Nella sua mente riecheggiavano solo quelle poche parole che avevano fatto dimenticare tutto il resto.
"L'unica erede in vita!"
Una frase che l'aveva messa di fronte a una consapevolezza straziante.I due rimasero a lungo in silenzio; lei a camminare nervosa per la cucina e lui intento a guardarla, in attesa che il momento critico passasse per tentare un altro approccio, con calma, consapevole di quanto quella situazione fosse delicata e difficile per entrambi.
Difatti il momento arrivò pochi minuti dopo.
Elaine si fermò, voltandosi a guardarlo con occhi lucidi e le mani tremanti. «Sono l'unica erede?

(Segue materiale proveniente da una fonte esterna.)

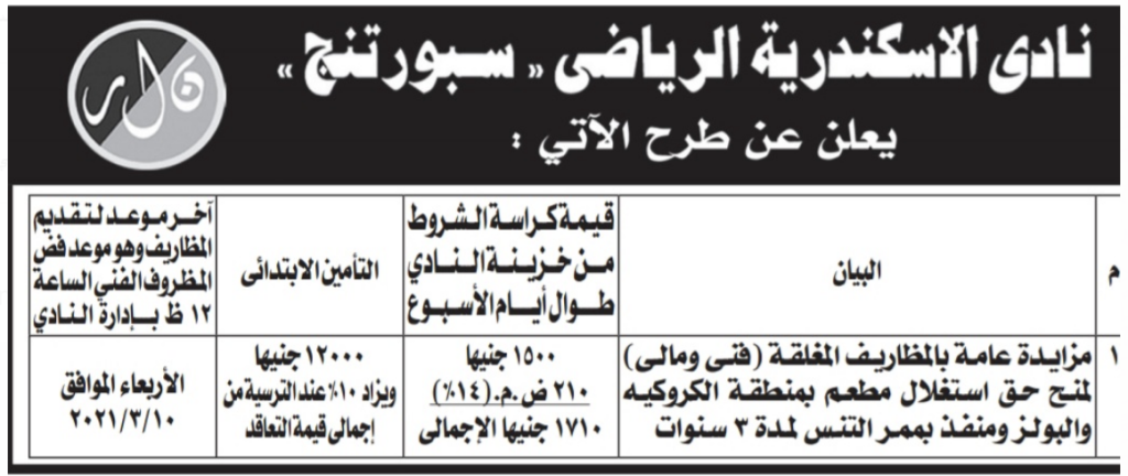 يعلن نادي سبورتنج عن طرح المزايدة التالية :

Non c'è più nessuno in vita?»
«No, nessuno» rispose Benjamin con un sussurro, vedendo gli occhi della donna riempirsi di lacrime, senza riuscire più a trattenersi.Si mise una mano davanti al viso, cercando invano di mantenere un contegno senza successo, combattuta dal lasciarsi trasportare dal pianto disperato e il timore che Tommy si potesse svegliare nel sentirla.
«Non è vero, tu menti. Viktor deve essere vivo» farfugliò con tono deciso, pur piangendo sommessamente e con la voce ridotta a un sussurro.

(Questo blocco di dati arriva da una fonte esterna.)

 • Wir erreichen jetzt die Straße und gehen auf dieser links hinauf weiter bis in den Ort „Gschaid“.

«Viktor è deceduto da quasi due anni, o almeno da allora ne è iniziata a circolare la notizia. Era stato dato per disperso in Crimea, dopo la fine della guerra» spiegò l'uomo a bassa voce e senza avvicinarsi, sotto lo sguardo attento della donna che lo fissava a occhi sgranati e sospiri accelerati.
Lui prese fece un altro lungo sospiro, distogliendo lo sguardo e osservando verso il soffitto, cercando di prendere coraggio e raccontarle tutto ciò che in quegli anni le aveva taciuto. «Forse è meglio che ti siedi.»Lei lo fissò senza capire né emettendo suono alcuno, osservandolo mentre recuperava il tabacco per prepararsi una sigaretta, accorgendosi dopo pochi istanti di faticare sempre di più a stare in piedi, seguendo quindi il suo consiglio.
Era caduta in uno stato di abulia, privata della propria volontà e sola spettatrice di quanto le stava accadendo. Era come se stesse leggendo un libro, vivendo immagini chiare e nitide per ogni parola letta, senza però poter cambiare quella che era una trama decisa e ben definita.
Quella stessa trama, tuttavia, aveva il gusto amaro di una tragedia, per la quale aveva terrore di leggerne la fine.«Dalle poche notizie che mi sono arrivate il Conte era partito per la Crimea, poco dopo l'ingresso dell'Inghilterra nel conflitto» iniziò a spiegare Ben. «Te ne avevo parlato, ricordi? Cinque anni fa è iniziata la guerra contro i russi.»
Elaine annuì a quelle parole. Si sentiva la bocca secca e percepiva un sapore aspro che non le piaceva per nulla.
«Da più di due anni e mezzo è ormai terminata» narrò lui tergiversando, come se non sapesse bene come affrontare l'argomento, girandoci attorno. «Ho saputo la notizia tempo fa, ma non volevo dirtelo. Non volevo ferirti. Ho pensato fosse meglio non darti anche questo pensiero. Non volevo farti soffrire» spiegò in tono basso, accendendosi la sigaretta.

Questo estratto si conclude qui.